Obviously, most of these have been unofficially uploaded, so the quality is all over the place. There also might be unresolved legal issues that mean the videos are hit with copyright strikes and gone from YouTube before this even goes live. With that in mind, I will try to remember to delete entries as realistic, legal alternatives arise. I'm not holding my breath for most of these, though.
Footprints (Italian: Le Orme; aka: Footprints on the Moon; Luigi Bazzoni and Mario Fanelli [uncredited], 1975)
Now that Giulio Questi’s Death Laid an Egg (Italian: La morte ha fatto l'uovo, 1968) has seen multiple Blu-ray and streaming releases (noting that the UK BD from Nucleus Films is the only way to see that film entirely uncut), Luigi Bazzoni and Mario Fanelli’s dreamy and paranoid Footprints is (arguably) the last giallo classic begging for wider acknowledgment. In the UK, Shameless Screen Entertainment released an affordable DVD, but it’s not available to most in the states. The Koch Blu-ray from Germany is also essentially a DVD transfer, so, until someone scores the rights and remasters it, check out this so-called hidden gem.
The House with Laughing Windows (Pupi Avati, 1976)
Multi-genre veteran Avati’s one true giallo isn’t as rarely seen as Footprints, but it’s still hard to find and surely one of the genre’s final masterpieces, before disappearing in favor of straight horror and the eventual death throes of Italian exploitation. It’s also one of a handful of great gialli that I think plays for arthouse enthusiasts that otherwise don’t enjoy violent thrillers. The Image Entertainment DVD has been OOP, but, if you happen to have multi-region capabilities, Shameless again has an affordable DVD available to import.

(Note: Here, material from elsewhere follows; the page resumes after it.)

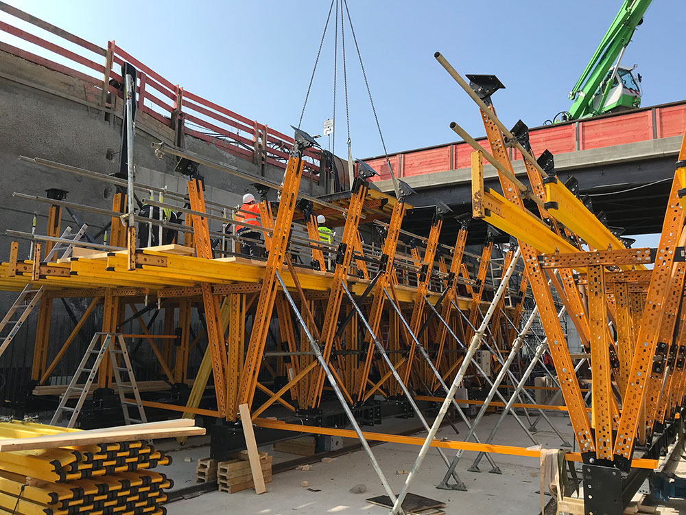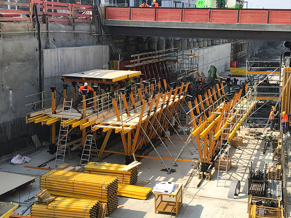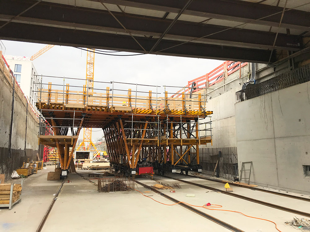 Im Rahmen des individuell auf die Baustellensituation in Stuttgart zugeschnittenen Schalungskonzepts wurde die Schalwagenkonstruktion auf Basis der Verwendung von MK-Riegeln von ULMA so ausgeführt, dass ein sicherer Abtrag der Lasten aus der Schalung in die Sohle über jeweils zwei Reihen von vertikalen Stützen erfolgt. Diese Stützen sind in Längsrichtung des Schalwagens ausgesteift, um die Gesamtkonstruktion zu stabilisieren und die längs verlaufenden Lasten aufzunehmen. Die vertikalen Lasten werden über die Fahrträger in die Gründung abgeleitet. Während des Betoniervorgangs erfolgt die Lastableitung über Hydraulikzylinder und Titan-Absenkkeile, während des Verfahrens über die Rollen des Schalwagens. „Um ein höchst mögliches Maß an Arbeitssicherheit zu garantieren, wurde der Schalwagen bereits in Rödermark zu transportfähigen Einheiten vormoniert“, erläutert Fiebig einen weiteren wesentlichen Vorteil des ULMA-Schalwagenkonzepts. „Dies hatte den Effekt, dass die untere Arbeitsebene und damit eine Absturzsicherung bereits zum Beginn der Betonage vollumfänglich zur Verfügung stand“, so Fiebig weiter.
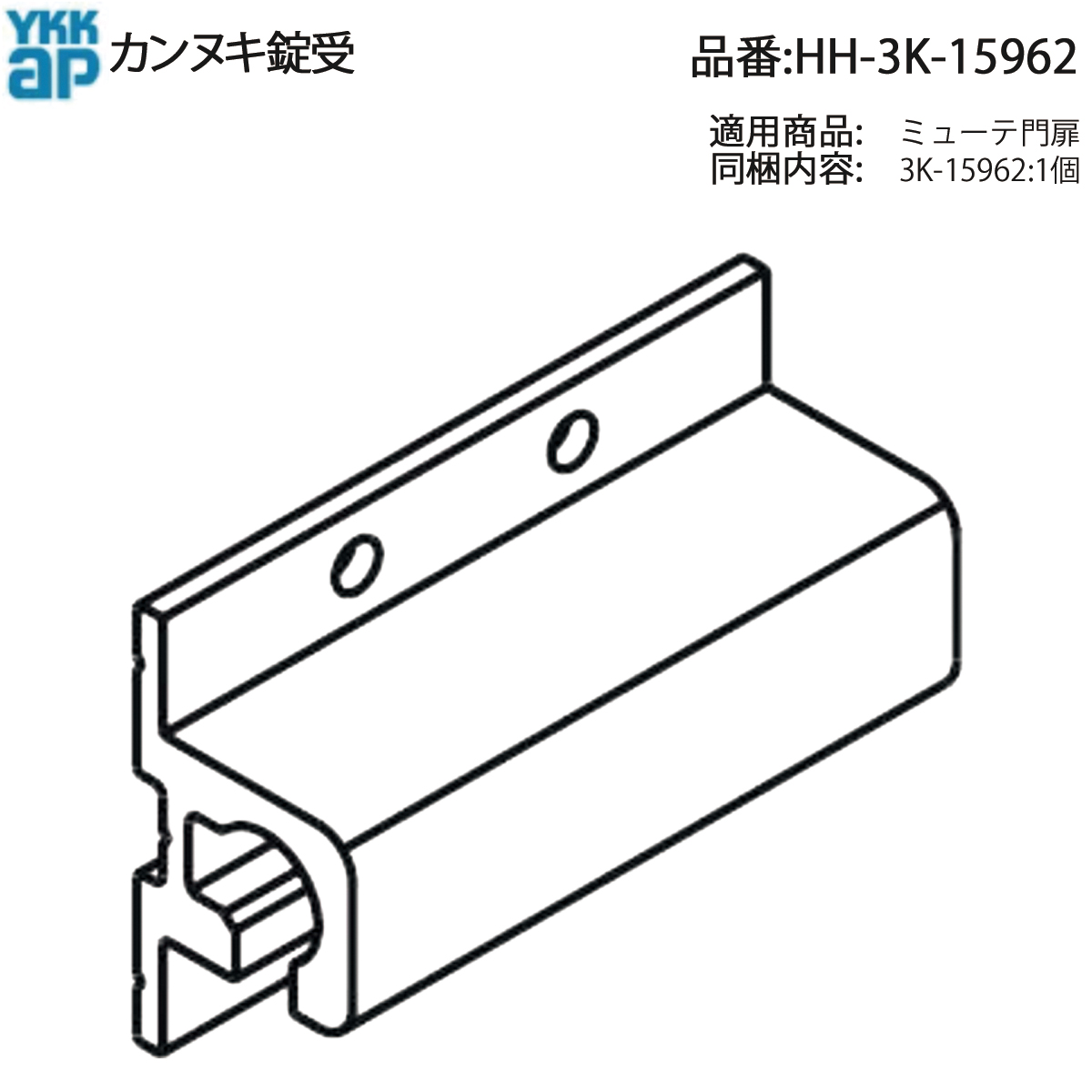 YKK AP 交換 用 部品 カンヌキ 錠 受( HH-3K-15962 ) HH3K15962 ミューテ門扉 アルミ形材門扉 両開き門扉 受け側の扉 門扉を閉じた際に扉側のカンヌキ錠ボルトを

More American Horror and Exploitation
Faster Pussycat, Kill! Kill! (Russ Meyer, 1965)
I can’t remember the specifics, but Russ Meyer’s movies remain only officially available in the US via the RM Films International website, where they are not cheap. It’s a shame. Kind souls continue uploading the quintessential Meyer movie, Faster Pussycat, Kill! Kill!, to YouTube, though. In HD, no less.
I Miss You Hugs and Kisses (Murray Markowitz, 1978)
This mix of made-for-TV trash and R-rated violence is mostly remembered as one of the entries on the British Video Recordings Act 1984’s list of banned films, otherwise known as the “Video Nasties.” Honestly, it might be too inept for any but Video Nasty completists to enjoy, but I find its goofball qualities quite entertaining.
The Black Room (Elly Kenner and Norman Thaddeus Vane, 1982)
I don’t know why The Black Room hasn’t had an official home video release since the VHS days, but this thoughtful, strange, and incredibly ambitious mega-low-budget feature is well worth a YouTube peak. Fans of particularly melodramatic, metaphor-heavy vampire movies should definitely check it out, despite the lacking video quality.
Butcher, Baker, Nightmare Maker (aka: Nightwish; William Asher, 1982)
This violent psycho-thriller is mostly notable for being another Video Nasty, but it’s also much better than the majority of readily available Nasties. Assuming you don’t have hundreds of dollars to drop on the OOP Code Red Blu-ray, check out this half decent VHS rip.
Hunter’s Blood (Robert C. Hughes, 1986)
Rip-offs of Ridley Scott’s Alien are my favorite ultra-specific subgenre, but the small number of movies made to cash-in on John Boorman’s Deliverance (1972) are also high on that list. Peter Carter’s Rituals (aka: The Creeper, 1977) is currently streaming on Fandor and Walter Hill’s Southern Comfort (a film I actually prefer to Deliverance, 1981) is easily found across many platforms, but Robert C. Hughes’ splattery Hunter’s Blood also deserves some recognition. I can’t find George Bloom’s Brothers in Arms (1988) right now, but keep an eye out for that one too.